[Material for this task]
.....
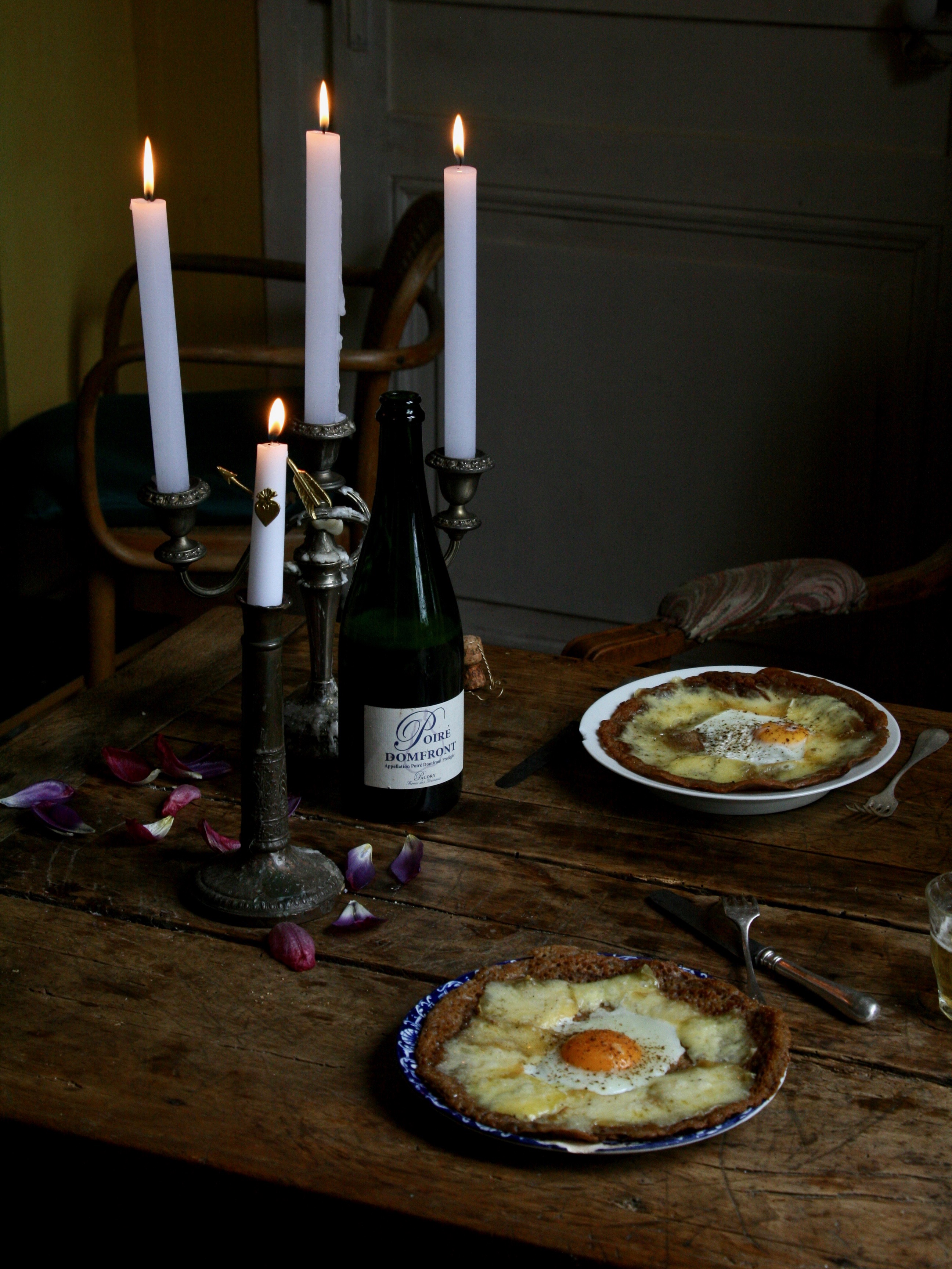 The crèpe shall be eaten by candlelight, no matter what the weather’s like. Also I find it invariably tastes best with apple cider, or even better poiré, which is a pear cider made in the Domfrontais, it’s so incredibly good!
.....
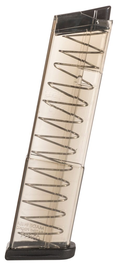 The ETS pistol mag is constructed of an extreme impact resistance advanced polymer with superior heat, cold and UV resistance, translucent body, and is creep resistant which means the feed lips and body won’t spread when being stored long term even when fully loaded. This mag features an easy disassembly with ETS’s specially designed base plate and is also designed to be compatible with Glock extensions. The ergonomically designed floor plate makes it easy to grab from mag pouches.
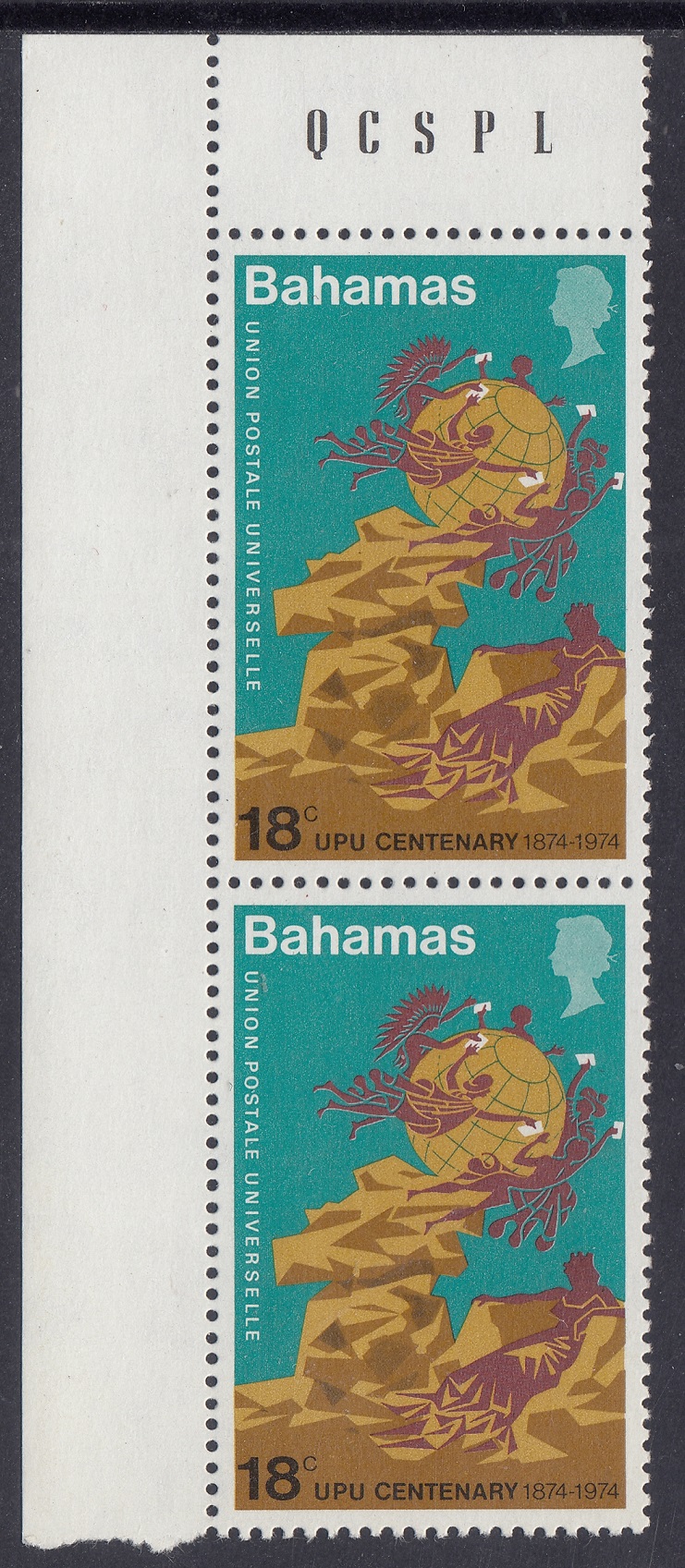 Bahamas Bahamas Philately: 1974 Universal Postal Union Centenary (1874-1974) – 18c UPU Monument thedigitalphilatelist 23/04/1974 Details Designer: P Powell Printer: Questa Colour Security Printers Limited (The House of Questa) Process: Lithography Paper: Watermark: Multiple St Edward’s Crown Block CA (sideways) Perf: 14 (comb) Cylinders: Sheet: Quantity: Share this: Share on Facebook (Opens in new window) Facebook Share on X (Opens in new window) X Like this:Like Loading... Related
.....
[Task item] Although pictures appear among the entries, please set down only the lines from the one with "The ETS pistol" up to and including the one with "Bahamas Bahamas Philately: 1974", word for word.

[Written response]
 The ETS pistol mag is constructed of an extreme impact resistance advanced polymer with superior heat, cold and UV resistance, translucent body, and is creep resistant which means the feed lips and body won’t spread when being stored long term even when fully loaded. This mag features an easy disassembly with ETS’s specially designed base plate and is also designed to be compatible with Glock extensions. The ergonomically designed floor plate makes it easy to grab from mag pouches.
 Bahamas Bahamas Philately: 1974 Universal Postal Union Centenary (1874-1974) – 18c UPU Monument thedigitalphilatelist 23/04/1974 Details Designer: P Powell Printer: Questa Colour Security Printers Limited (The House of Questa) Process: Lithography Paper: Watermark: Multiple St Edward’s Crown Block CA (sideways) Perf: 14 (comb) Cylinders: Sheet: Quantity: Share this: Share on Facebook (Opens in new window) Facebook Share on X (Opens in new window) X Like this:Like Loading... Related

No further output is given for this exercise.